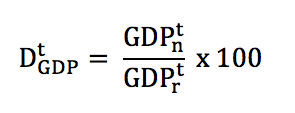 Cách tính chỉ số này khá đơn giản: ta lấy GDP danh nghĩa (tính theo giá hiện hành) chia cho GDP thực tế (tính theo giá năm cơ sở), rồi nhân với 100. Ví dụ, nếu GDP danh nghĩa năm nay là 1,2 nghìn tỷ USD còn GDP thực tế là 1 nghìn tỷ USD, thì chỉ số điều chỉnh GDP sẽ là 120, nghĩa là mức giá chung đã tăng 20% so với năm cơ sở.
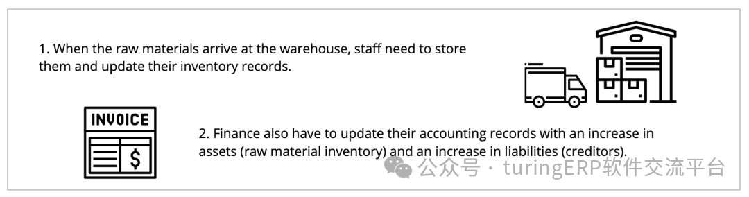 一个来自制造业的例子。原材料被转换为成品,然后出售并运送给客户。这个过程涉及许多部门。采购,仓储,制造,财务,销售等。如果我们仅考虑其中一部分,从供应商处接收原材料,需要进行两项活动。
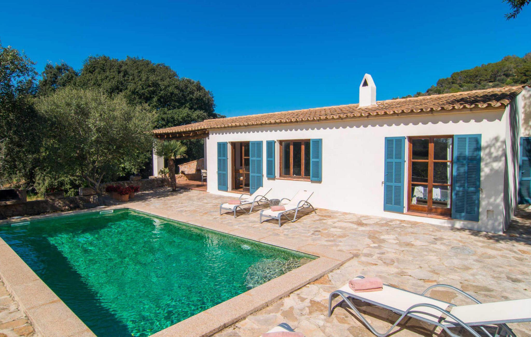 Die wunderschöne Steinvilla "Es Garbalio“ liegt inmitten uralter Bäume und empfängt Sie mit bezaubernden türkisfarbenen Fensterläden und einer großzügigen umlaufenden Terrasse. Die Terrasse verfügt über einen schönen Pool und einen teilweise überdachten Frühstücksbereich. Unter dem strahlend blauen Himmel verbreiten die Palmen eine herrlich mediterrane Atmosphäre. Ein luxuriöser eingebauter Außengrill erwartet Sie, perfekt, um die kulinarischen Schätze der Insel zu genießen.
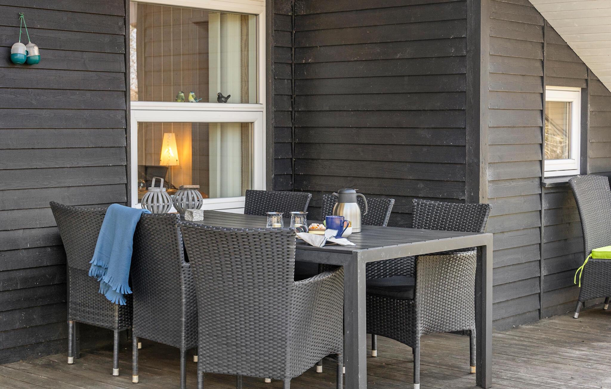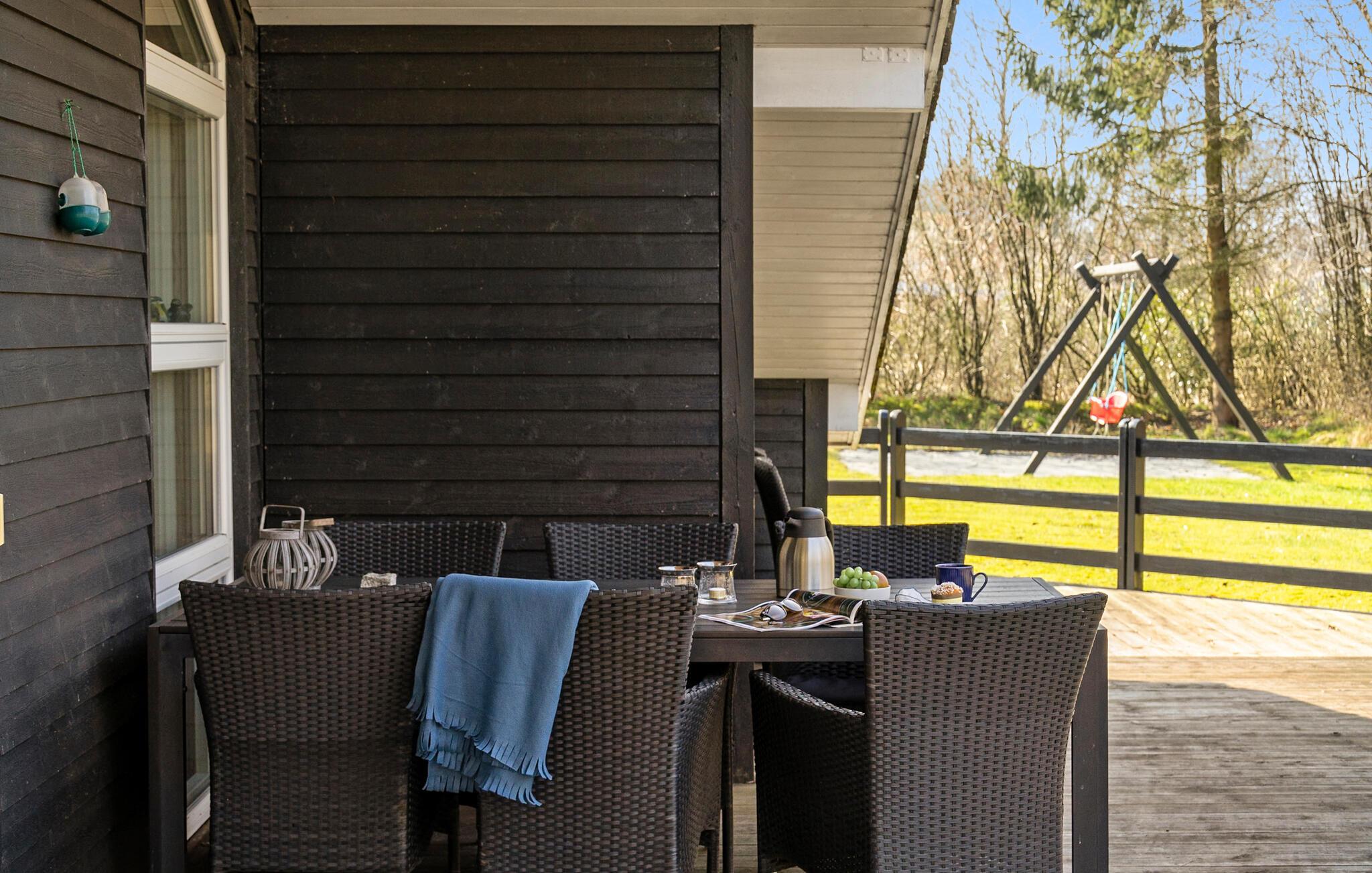 Udenfor er der en stor terrasse med havemøbler, hvor I kan nyde måltiderne i den friske luft eller bare læne jer tilbage. Mens I nyder dagen i solen, kan børnene boltre sig ??på den store græsplæne, gynge eller udforske de rolige omgivelser. Husets beliggenhed giver de bedste forudsætninger for vandre- eller cykelture gennem det blide, grønne sønderjyske landskab.
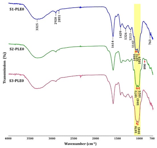 Fourier-transform infrared spectroscopy (FT-IR) analysis is a powerful tool for identifying characteristic functional groups and linkage bonds in polysaccharides, clearly revealing characteristic absorption peaks of polysaccharides [29]. The FT-IR spectra for S1-PLE0, S2-PLE0, and S3-PLE0 are shown in Figure 2.

# [WHAT IS REQUIRED]
Print, word for word, the lines above that run from the line containing "一个来自制造业的例子。原材料" to the line containing "Die wunderschöne Steinvilla", both included. Keep the pictures out.

# [RESPONSE BELOW]
 一个来自制造业的例子。原材料被转换为成品,然后出售并运送给客户。这个过程涉及许多部门。采购,仓储,制造,财务,销售等。如果我们仅考虑其中一部分,从供应商处接收原材料,需要进行两项活动。
 Die wunderschöne Steinvilla "Es Garbalio“ liegt inmitten uralter Bäume und empfängt Sie mit bezaubernden türkisfarbenen Fensterläden und einer großzügigen umlaufenden Terrasse. Die Terrasse verfügt über einen schönen Pool und einen teilweise überdachten Frühstücksbereich. Unter dem strahlend blauen Himmel verbreiten die Palmen eine herrlich mediterrane Atmosphäre. Ein luxuriöser eingebauter Außengrill erwartet Sie, perfekt, um die kulinarischen Schätze der Insel zu genießen.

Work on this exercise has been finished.